Key Point: One model definition creates consistent schemas across all systems.

Composite Types Shared Across Infrastructure

Complex types including nested objects, arrays, and enums work seamlessly across all components:

app/datamodels/CompositeShared.ts

import { Key } from "@514labs/moose-lib";
 
export interface CompositeShared {
  id: Key<string>;  // Primary key
  status: "active" | "pending" | "completed";  // Enum
  
  // Nested object
  metadata: {
    category: string;
    priority: number;
    tags: string[];
  };
  
  // Arrays and maps
  values: number[];
  attributes: Record<string, any>;
  
  // Optional field
  description?: string;
  createdAt: Date;
}
 
// Using in IngestPipeline - all types preserved
const pipeline = new IngestPipeline<CompositeShared>("composite_shared", {
  ingest: true,
  stream: true,
  table: true
});
 
// How the types map:
// - API validates nested structure and enum values
// - Kafka preserves the exact JSON structure
// - ClickHouse creates:
//   - id String (with PRIMARY KEY)
//   - status Enum8('active', 'pending', 'completed')
//   - metadata.category String, metadata.priority Float64, metadata.tags Array(String)
//   - values Array(Float64)
//   - attributes String (JSON)
//   - description Nullable(String)
//   - createdAt DateTime

app/datamodels/composite_shared.py

from moose_lib import Key
from pydantic import BaseModel
from typing import List, Dict, Any, Optional, Literal
from datetime import datetime
 
class Metadata(BaseModel):
    category: str
    priority: float
    tags: List[str]
 
class CompositeShared(BaseModel):
    id: Key[str]  # Primary key
    status: Literal["active", "pending", "completed"]  # Enum
    
    # Nested object
    metadata: Metadata
    
    # Arrays and maps
    values: List[float]
    attributes: Dict[str, Any]
    
    # Optional field
    description: Optional[str] = None
    created_at: datetime
 
# Using in IngestPipeline - all types preserved
pipeline = IngestPipeline[CompositeShared]("composite_shared", IngestPipelineConfig(
    ingest=True,
    stream=True,
    table=True
))
 
# How the types map:
# - API validates nested structure and enum values
# - Kafka preserves the exact JSON structure
# - ClickHouse creates:
#   - id String (with PRIMARY KEY)
#   - status Enum8('active', 'pending', 'completed')
#   - metadata.category String, metadata.priority Float64, metadata.tags Array(String)
#   - values Array(Float64)
#   - attributes String (JSON)
#   - description Nullable(String)
#   - created_at DateTime

Key Point: Complex types including nested objects and arrays work consistently across all infrastructure.

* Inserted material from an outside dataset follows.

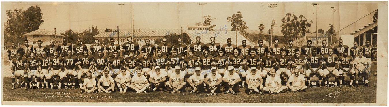 The 1961 Los Angeles Rams only sported a 4-10 season, but their team included a number of stars and future Hall of Famers pictured on this spectacular 8x29.5" original panoramic photo by photographer George Mehl. Making this all the more rare is that it is signed by a number of significant players including: Crazylegs Hirsch, Jon Arnett, Jack Pardee, Dick Bass, Carroll Dale, Bob Long, Jim Boeke and others. The photograph is bold and clear and clean. It has multiple creasing. Extremely rare. LOAs from PSA/DNA and JSA.

ClickHouse-Specific Types (Standalone vs IngestPipeline)

ClickHouse type annotations optimize database performance but are transparent to other infrastructure:

app/datamodels/ClickHouseOptimized.ts

import { Key, ClickHouseDecimal, LowCardinality, ClickHouseNamedTuple } from "@514labs/moose-lib";
 
export interface ClickHouseOptimized {
  id: Key<string>;
  
  // ClickHouse-specific type annotations
  amount: string & ClickHouseDecimal<10, 2>;    // Decimal(10,2) in ClickHouse
  category: string & LowCardinality;             // LowCardinality(String) in ClickHouse
  
  // Optimized nested type
  details: {
    name: string;
    value: number;
  } & ClickHouseNamedTuple;                      // NamedTuple in ClickHouse
  
  timestamp: Date;
}
 
// SCENARIO 1: Standalone OlapTable - gets all optimizations
const table = new OlapTable<ClickHouseOptimized>("optimized_table", {
  orderByFields: ["id", "timestamp"]
});
// Creates ClickHouse table with:
// - amount Decimal(10,2)
// - category LowCardinality(String)
// - details Tuple(name String, value Float64)
 
// SCENARIO 2: IngestPipeline - optimizations ONLY in ClickHouse
const pipeline = new IngestPipeline<ClickHouseOptimized>("optimized_pipeline", {
  ingest: true,
  stream: true,
  table: true
});
 
// What happens at each layer:
// 1. API receives/validates: { amount: "123.45", category: "electronics", ... }
//    - Sees amount as string, category as string (annotations ignored)
// 2. Kafka stores: { amount: "123.45", category: "electronics", ... }
//    - Plain JSON, no ClickHouse types
// 3. ClickHouse table gets optimizations:
//    - amount stored as Decimal(10,2)
//    - category stored as LowCardinality(String)
//    - details stored as NamedTuple

app/datamodels/clickhouse_optimized.py

from moose_lib import Key, clickhouse_decimal, OlapTable, IngestPipeline, IngestPipelineConfig
from typing import Annotated
from pydantic import BaseModel
from datetime import datetime
 
class Details(BaseModel):
    name: str
    value: float
 
class ClickHouseOptimized(BaseModel):
    id: Key[str]
    
    # ClickHouse-specific type annotations
    amount: clickhouse_decimal(10, 2)              # Decimal(10,2) in ClickHouse
    category: Annotated[str, "LowCardinality"]    # LowCardinality(String) in ClickHouse
    
    # Optimized nested type
    details: Annotated[Details, "ClickHouseNamedTuple"]  # NamedTuple in ClickHouse
    
    timestamp: datetime
 
# SCENARIO 1: Standalone OlapTable - gets all optimizations
table = OlapTable[ClickHouseOptimized]("optimized_table", {
    "order_by_fields": ["id", "timestamp"]
})
# Creates ClickHouse table with:
# - amount Decimal(10,2)
# - category LowCardinality(String)
# - details Tuple(name String, value Float64)
 
# SCENARIO 2: IngestPipeline - optimizations ONLY in ClickHouse
pipeline = IngestPipeline[ClickHouseOptimized]("optimized_pipeline", IngestPipelineConfig(
    ingest=True,
    stream=True,
    table=True
))
 
# What happens at each layer:
# 1. API receives/validates: { "amount": "123.45", "category": "electronics", ... }
#    - Sees amount as str, category as str (annotations ignored)
# 2. Kafka stores: { "amount": "123.45", "category": "electronics", ... }
#    - Plain JSON, no ClickHouse types
# 3. ClickHouse table gets optimizations:
#    - amount stored as Decimal(10,2)
#    - category stored as LowCardinality(String)
#    - details stored as NamedTuple

Key Point: ClickHouse annotations are metadata that ONLY affect the database schema. Your application code and other infrastructure components see regular TypeScript/Python types.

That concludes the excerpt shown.